A Young Jack HudsonThis then was the beginning of a full professional career. After two years at Stockport and 104 plays, James was offered a part in the London West End productions of a Sean O'Casey play " Red Roses For Me ".As this play neared the end of its run he auditioned for a part in a play called "Worm's eye view" which was going on tour around the Middle East. It was during this tour he would first meet his lifelong partner Jack Hudson. After the war and back home in Northern Ireland Jimmy's first job was back with the Ulster Group Theatre . Jack Hudson ,who had moved to Belfast to join Jimmy took a job as manager of the Plaza Ballroom . At this time they lived together in a flat above a butchers shop on the Newtownards road. Soon after ,Joseph Tomelty who had a radio series running on the Northern Ireland BBC called 'The McCooeys', approached Jimmy with a view to writing in a character for him based loosely on Willie John ,the part he had played in 'Right Again Barnum'. Between them Jimmy and Joe decided that the new character should be a window cleaner called Derek . The part was an immediate success and it was said that at the time the country would come to a standstill every Saturday Night while everyone listened to the show. The success of the radio show had a great effect on the bookings for the Group Theatre. People who had never been to the theatre were booking tickets to see 'Derek' even though he was playing a completely different character in the current play. Jimmy's involvement with the McCooeys was however short lived ,as Joseph Tomelty had difficulty writing for the character of Derek But although Jimmy's time as a radio star had come to an abrupt end he had captured the publics imagination . James Young was now a household name and everyone wanted to see him.
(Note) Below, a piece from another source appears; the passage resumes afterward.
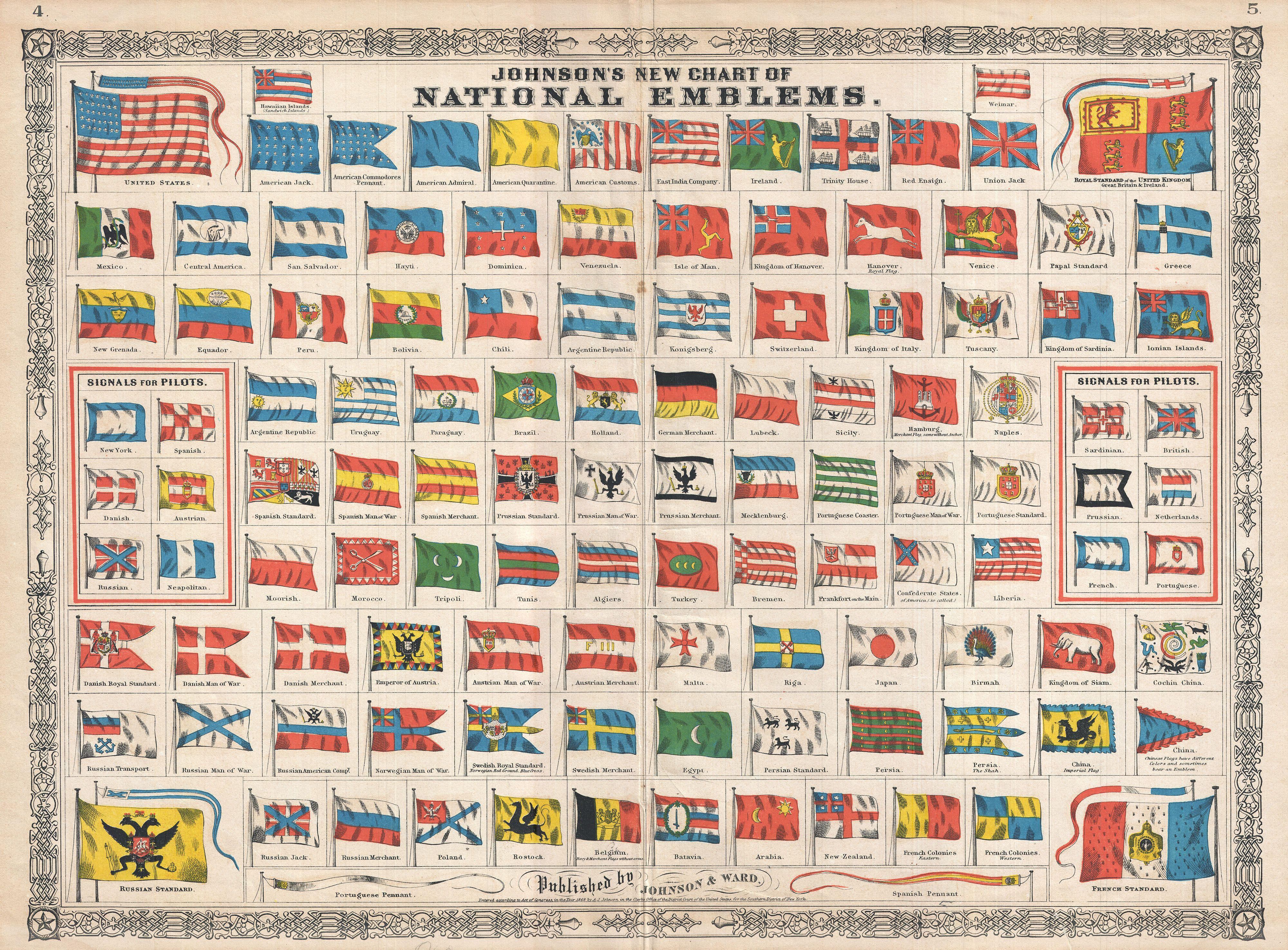 A beautiful first edition example of A. J. Johnson’s highly decorative 1864 chart of the world’s flags and national emblems. Johnson first introduced this chart in 1863 edition of his atlas. Though common in European, particularly English atlases, Johnson was the first American mapmaker to draw a national emblems or flag chart. Such charts were practical in port cities like New York, Boston, and London where military and merchant ships from around the world would often dock. Though initially a Richmond firm, Johnson & co. was quick to recognize the tide of war and smartly relocated business to New York City in 1861. Nonetheless, Johnson incorporates the “so called” flag of the Confederate States of American in the lower right quadrant. Subsequent examples of this chart delete the Confederate flag. Features the fretwork style border common to Johnson’s atlas work from 1864 to 1869. Published by A. J. Johnson and Ward as plates 4-5 in the 1864 edition of Johnson’s New Illustrated Family Atlas . This is the first edition of the Johnson’s Atlas to bear the Johnson & Ward imprint and the only edition to identify the firm as the “Successors to Johnson and Browning (Successors to J. H. Colton and Company)”. Dated and copyrighted, “Entered according to Act of Congress in the Year 1863 by A. J. Johnson in the Clerks Office of the District Court of the United States for the Southern District of New York.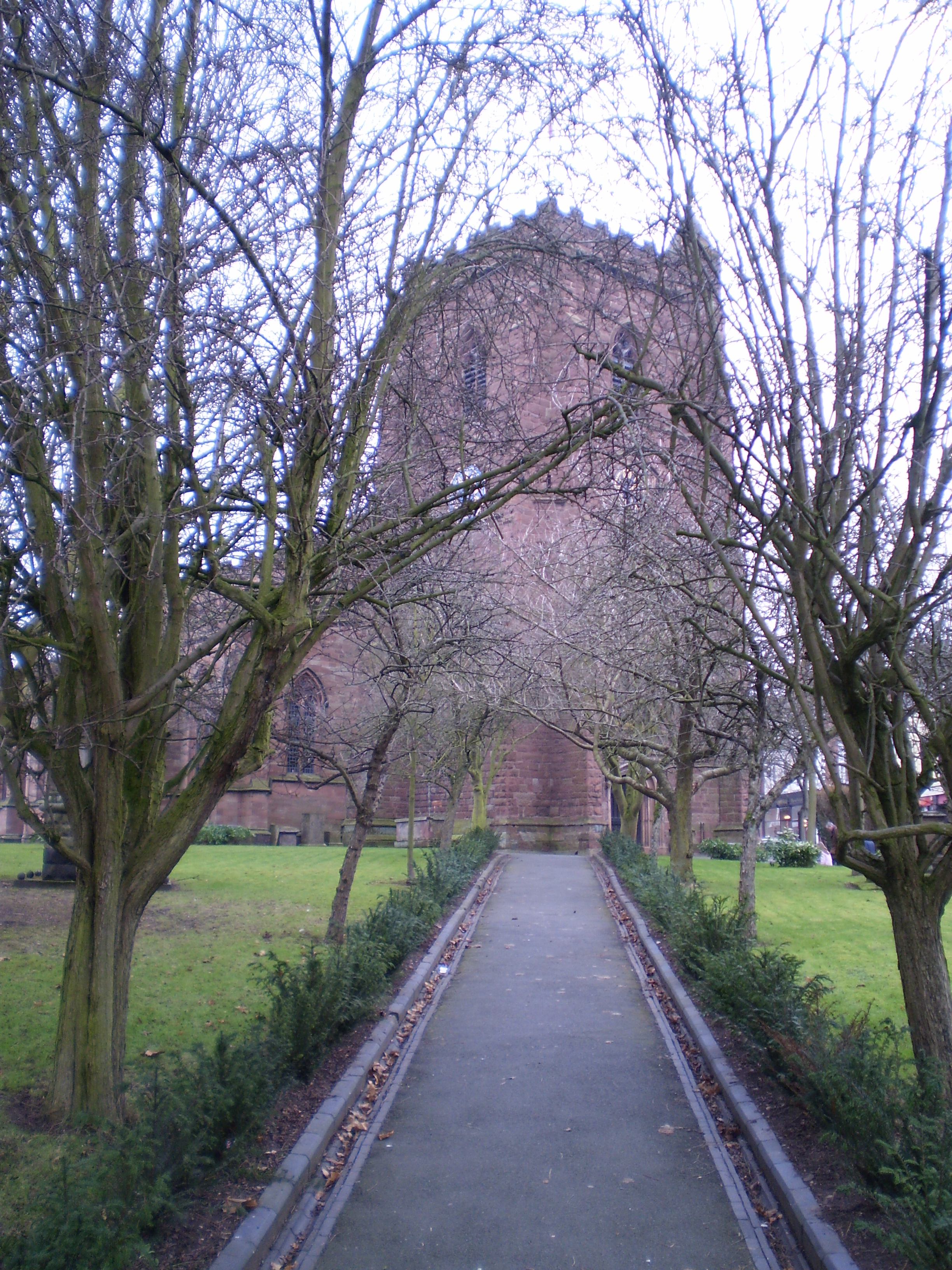 St Nicolas church, Newport

Derek the Window CleanerAt the Group theatre at this time James Young was earning £7.00 per week. But following his success he began to get offers from variety managements promoting concerts throughout the country, who invited Jimmy to appear for a ten minute spot for £25 and £30 a night. Jimmy and Jack devised a short script for a variety spot, which was as Jack says "absolutely awful" and had a running time of about fourteen minutes. Jimmy's first engagement was for a week's variety in St Mary's Hall in Belfast. He was very nervous about the show but on his first night he walked out to a packed full house where he was received with a rapturous welcome .The MC announced him and he opened his mouth and not a sound . He didn't need ,to the audience wouldn't stop applauding! When the applause finally died down he said his first two words, the two words which in his five appearances in the McCooeys had become a catch phrase in every Ulster home: 'Oh, now!!' Just repeating his radio catchphrase gave him his first laugh . Somehow he 'topped' the laughter and carried on with the rest of the act; but by the time he got to the end he had been on stage for thirty-eight minutes instead of fourteen, and still they wanted more. He adlibbed certainly but it was the timing which added the minutes - that and the laughter. By the end of the week the act had stretched to least forty-five minutes and Jack and Jimmy were richer by £150! This represented over twenty-one weeks normal work at the Group, just for seven nights of variety.